This notebook demonstrates the complete workflow of the Quantitative Trading System, including:
1. Data loading and preprocessing
2. Exploratory data analysis
3. Model training
4. Strategy optimization
5. Backtesting
6. Performance analysis

Let's start by importing the necessary modules and setting up our environment.

In [None]:
import os
import numpy as np
import pandas as pd
import matplotlib.pyplot as plt
import seaborn as sns
from datetime import datetime, timedelta
import yaml

# Add src directory to path
import sys
sys.path.append('../')

# Import project modules
from src.data_loader import fetch_data, prepare_dataset
from src.model import build_model, TimeSeriesDataset, ModelTrainer, ModelWrapper
from src.strategy import (MomentumStrategy, MeanReversionStrategy, 
                         MovingAverageCrossoverStrategy, MACDStrategy, 
                         EnsembleStrategy, MLStrategy)
from src.backtest import BacktestEngine
from src.optimization import StrategyOptimizer
from src.visualization import (
    plot_portfolio_performance, plot_return_distribution,
    plot_rolling_performance, plot_performance_table,
    plot_trade_analysis, plot_correlation_matrix
)

# Set up plotting style
plt.style.use('ggplot')
sns.set_style('whitegrid')
%matplotlib inline

# Ensure output directories exist
os.makedirs('../results', exist_ok=True)
os.makedirs('../models', exist_ok=True)
os.makedirs('../reports', exist_ok=True)

## 1. Configuration

Let's set up our configuration parameters for the trading system.

In [None]:
# Load configuration from YAML file
with open('../config/config.yaml', 'r') as f:
    config = yaml.safe_load(f)

# Display configuration
config

## 2. Data Loading and Preprocessing

Let's fetch data for the S&P 500 index and process it for our analysis.

In [None]:
# Get ticker, start date, and end date from config
ticker = config['data']['tickers'][1]  # S&P 500
start_date = config['data']['start_date']
end_date = config['data']['end_date']

print(f"Fetching data for {ticker} from {start_date} to {end_date}")

# Fetch data
data = fetch_data(ticker, start_date, end_date)
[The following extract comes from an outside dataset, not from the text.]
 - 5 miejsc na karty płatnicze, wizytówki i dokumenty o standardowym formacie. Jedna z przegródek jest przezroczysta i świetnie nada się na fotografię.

# Add High, Low, Close columns if needed
if 'High' not in data.columns or 'Low' not in data.columns or 'Close' not in data.columns:
    data['High'] = data['Price']
    data['Low'] = data['Price']
    data['Close'] = data['Price']

# Split data into training and testing sets (80/20)
split_index = int(0.8 * len(data))
train_data = data.iloc[:split_index]
test_data = data.iloc[split_index:]

print(f"Training data: {train_data.shape} rows (from {train_data.index[0]} to {train_data.index[-1]})")
print(f"Testing data: {test_data.shape} rows (from {test_data.index[0]} to {test_data.index[-1]})")
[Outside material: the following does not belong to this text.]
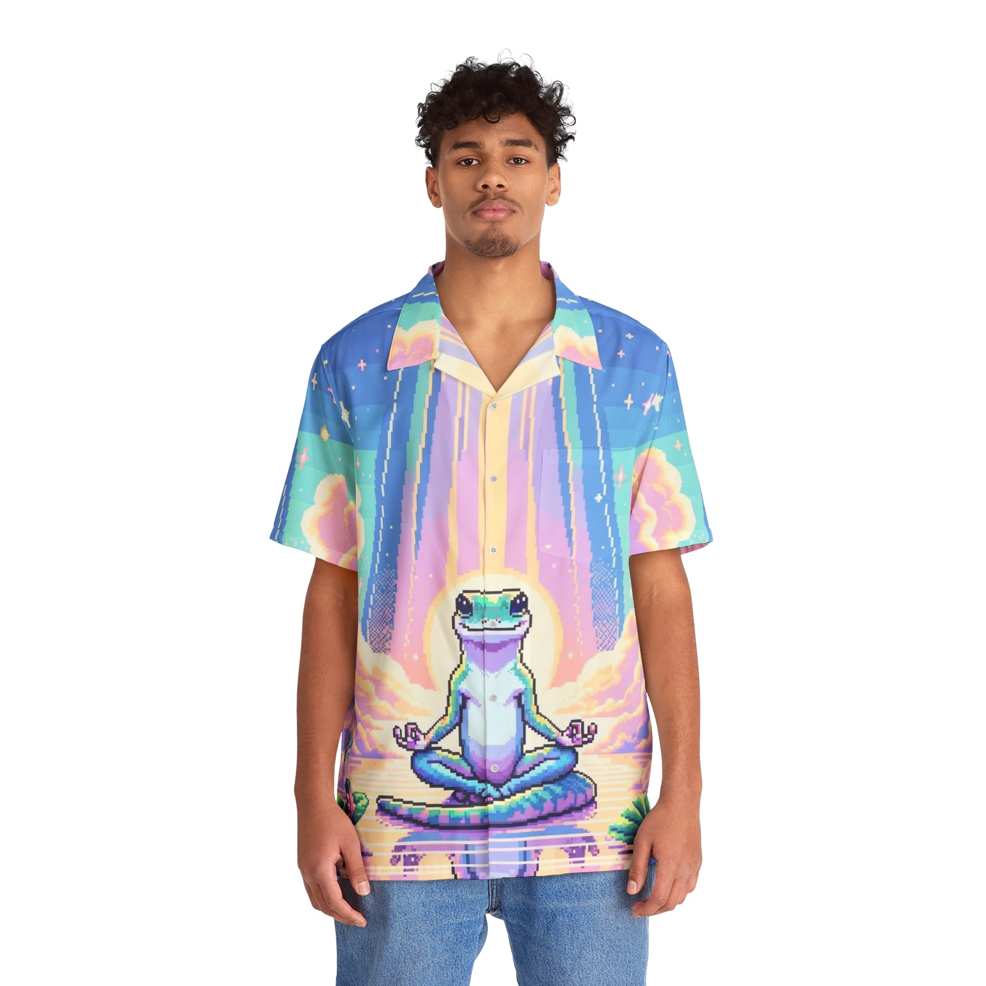 We loved this image as soon as we saw it. Super cool chilling gecko in a meditative pose. Paired with some great colours we thought it was perfect for a holiday shirt. Just get $GEC inu and chill.

# Display the first few rows of the data
data.head()

Let's visualize the price data to get a feel for what we're working with.

In [None]:
plt.figure(figsize=(14, 7))
plt.plot(data.index, data['Price'])
plt.title(f'{ticker} Price')
plt.xlabel('Date')
plt.ylabel('Price')
plt.grid(True)

# Add vertical line to mark train/test split
plt.axvline(x=test_data.index[0], color='r', linestyle='--', label='Train/Test Split')
plt.legend()
plt.show()

## 3. Exploratory Data Analysis

Let's perform some basic exploratory analysis on the data.

In [None]:
# Calculate daily returns
data['Return'] = data['Price'].pct_change()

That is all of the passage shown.